Bayesian Hierarchical Model for Synthesizing Registry and Survey Data on Female Breast Cancer Prevalence

In public health, it is critical for policymakers to assess the relationship between the disease prevalence and associated risk factors or clinical characteristics, facilitating effective resources allocation. However, for diseases like female breast cancer (FBC), reliable prevalence data at specific geographical levels, such as the county-level, are limited because the gold standard data typically come from long-term cancer registries, which do not necessarily collect needed risk factors. In addition, it remains unclear whether fitting each model separately or jointly results in better estimation. In this paper, we identify two data sources to produce reliable county-level prevalence estimates in Missouri, USA: the population-based Missouri Cancer Registry (MCR) and the survey-based Missouri County-Level Study (CLS). We propose a two-stage Bayesian model to synthesize these sources, accounting for their differences in the methodological design, case definitions, and collected information. The first stage involves estimating the county-level FBC prevalence using the raking method for CLS data and the counting method for MCR data, calibrating the differences in the methodological design and case definition. The second stage includes synthesizing two sources with different sets of covariates using a Bayesian generalized linear mixed model with Zeller-Siow prior for the coefficients. Our data analyses demonstrate that using both data sources have better results than at least one data source, and including a data source membership matters when there exist systematic differences in these sources. Finally, we translate results into policy making and discuss methodological differences for data synthesis of registry and survey data.
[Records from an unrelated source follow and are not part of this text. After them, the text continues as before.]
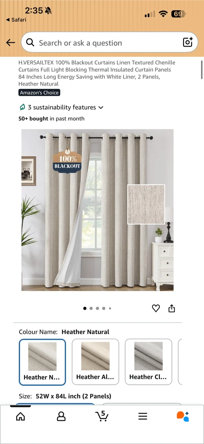 These H.VERSAILTEX blackout chenille curtains are 100% linen textured. They're 84 inches long and energy-saving. Each panel is fully insulated for thermal blocking. Includes 2 panels in Heather Natural.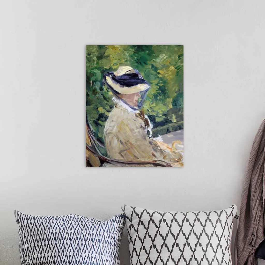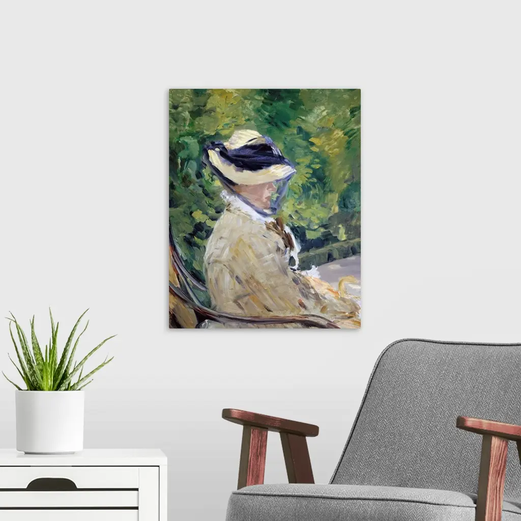 Despite the seemingly rapid brushwork and the summary treatment of detail, this painting was preceded by at least two drawings and an oil sketch. This is Manet's last portrait of his wife; it was painted at Bellevue, a suburb of Paris, where they spent the summer of 1880.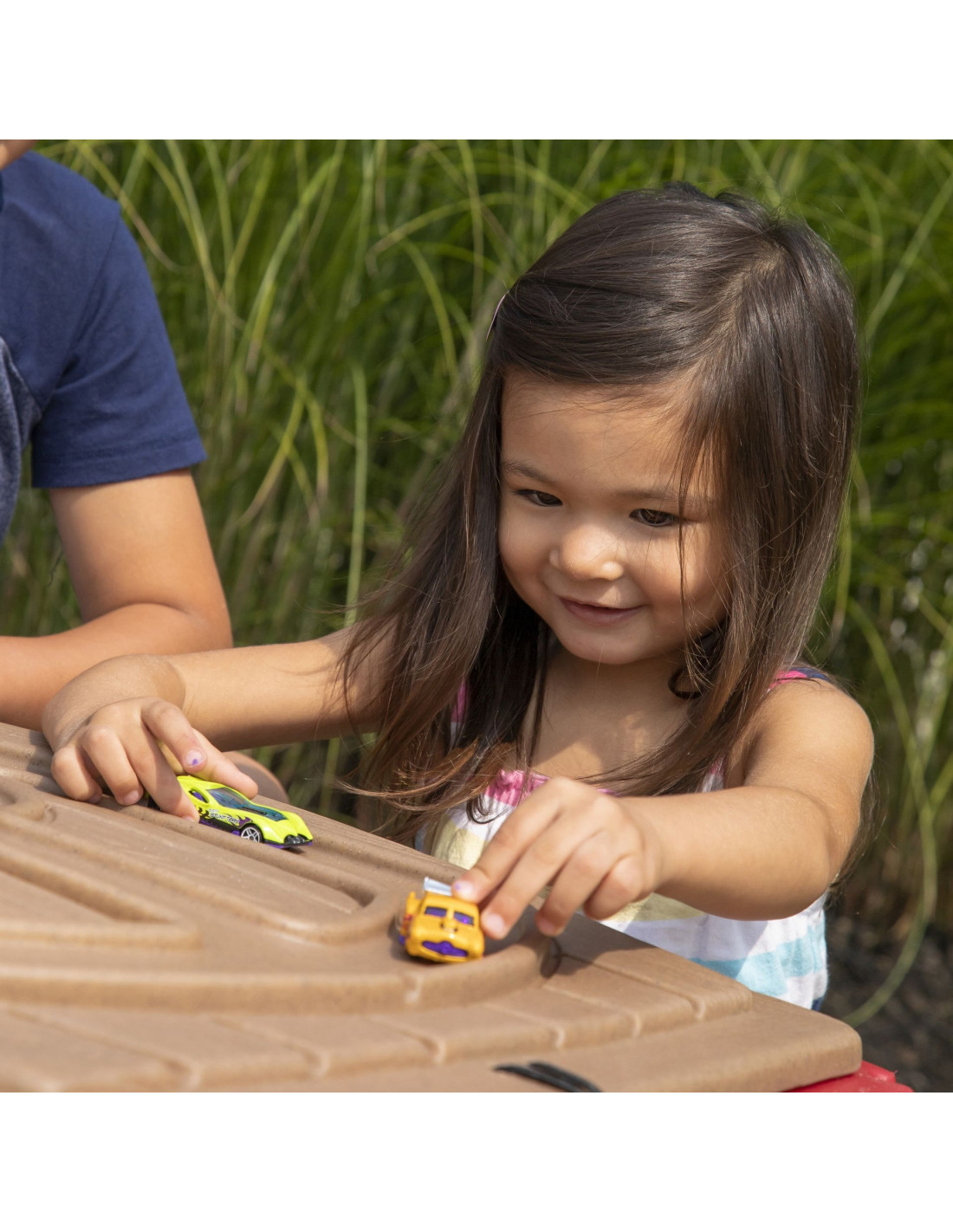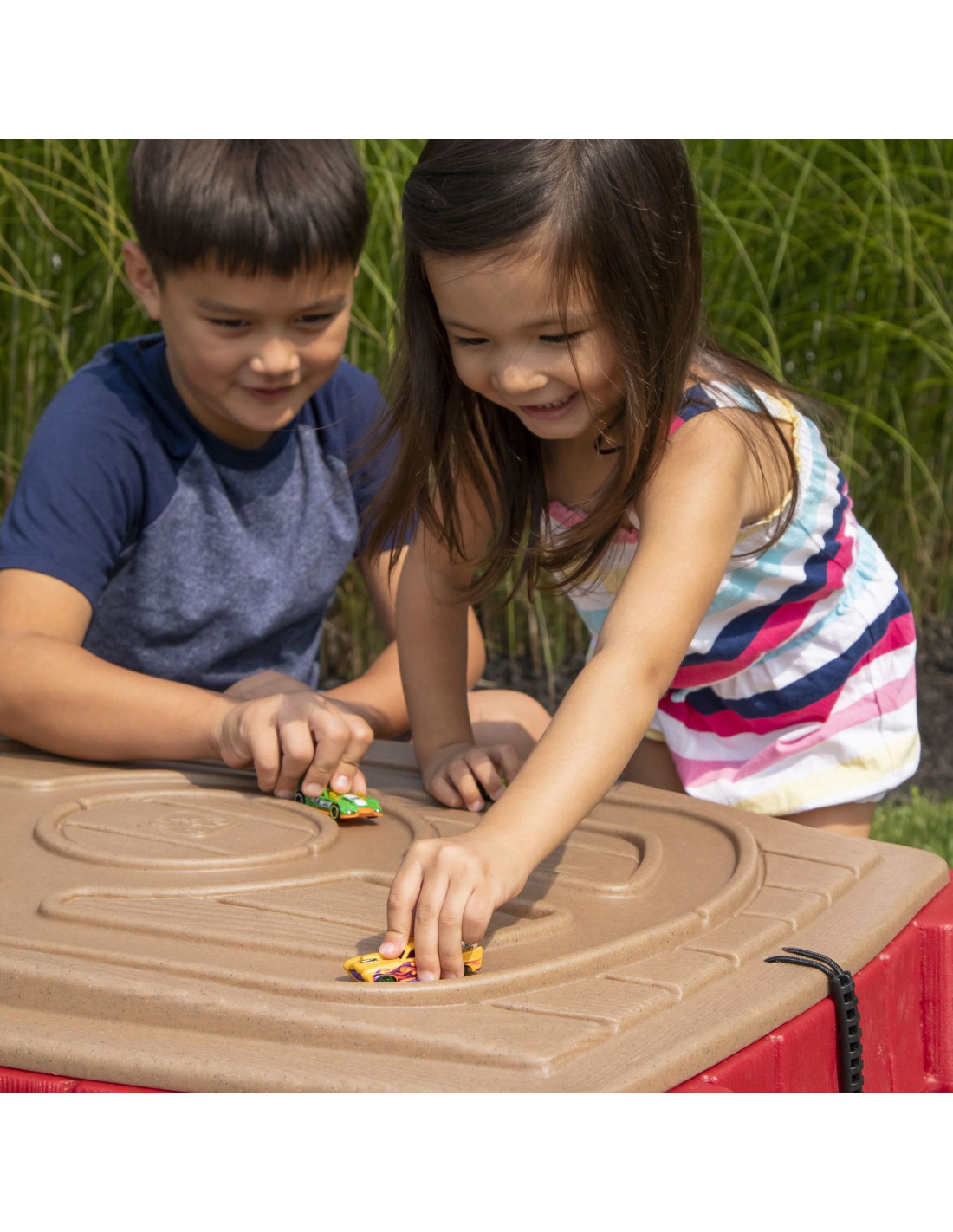- - a track has been carved on the cover, where our child can play with their favorite small vehicles
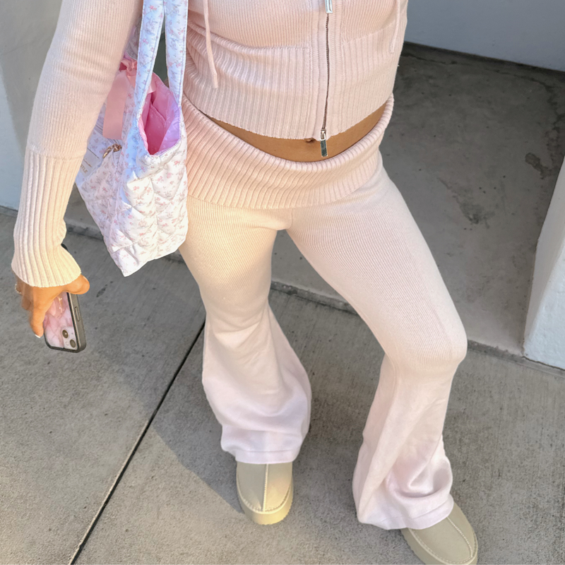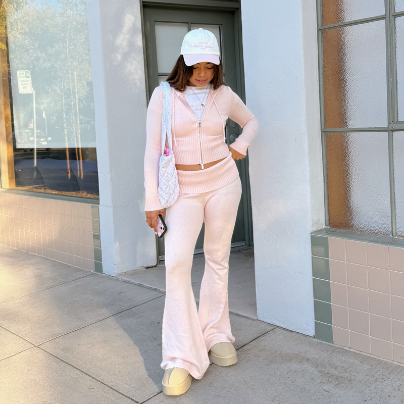 Our Pink Bunny Flare Pants are the ultimate lounge wear essential! These pants feature a high-waisted design that flatters your figure while keeping you comfy all day long. The stretchy fabric ensures a snug fit and ribbed waistband for that extra coziness. Pair these flares with a cropped sweater or tee for a cute, laid-back look.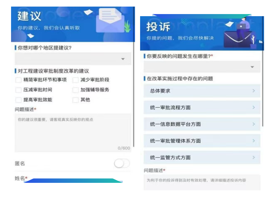 进入专栏点击建议即可针对性地对所属地区(可匿名)提出改革建议;点击投诉即可(可匿名)对存在问题进行详细描述。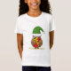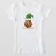 Uma ilustração de uma coruja tímida e feliz com chapéu de Santa verde e presença vermelha com fita amarela. Este design de desenho bonitinho é uma ideia presente para amantes de corujas, amantes de pássaros, e amantes de filmes mágicos ou fantasias. Você está animado para receber seu presente no Natal?

翻译：在公共卫生领域，政策制定者评估疾病患病率与相关风险因素或临床特征之间的关系至关重要，这有助于实现资源的有效配置。然而，对于女性乳腺癌这类疾病，在县级等特定地理层级上可靠的患病率数据十分有限，因为金标准数据通常来自长期癌症登记系统，而这些系统未必收集所需的风险因素信息。此外，分别拟合模型与联合建模哪种方式能获得更优估计仍不明确。本文选取美国密苏里州的两个数据源以生成可靠的县级患病率估计：基于人群的密苏里癌症登记系统（MCR）和基于调查的密苏里县级研究（CLS）。我们提出一个两阶段贝叶斯模型来融合这两个数据源，同时考虑其在方法学设计、病例定义和信息收集方面的差异。第一阶段通过CLS数据的raking方法与MCR数据的计数方法估计县级女性乳腺癌患病率，以校准方法学设计和病例定义的差异。第二阶段采用带有Zeller-Siow先验系数的贝叶斯广义线性混合模型，融合具有不同协变量集合的两个数据源。数据分析表明，联合使用两个数据源比仅使用单一数据源能获得更优结果；当数据源存在系统性差异时，纳入数据源隶属关系变量具有重要影响。最后，我们将研究结果转化为政策建议，并探讨了登记数据与调查数据在融合过程中的方法学差异。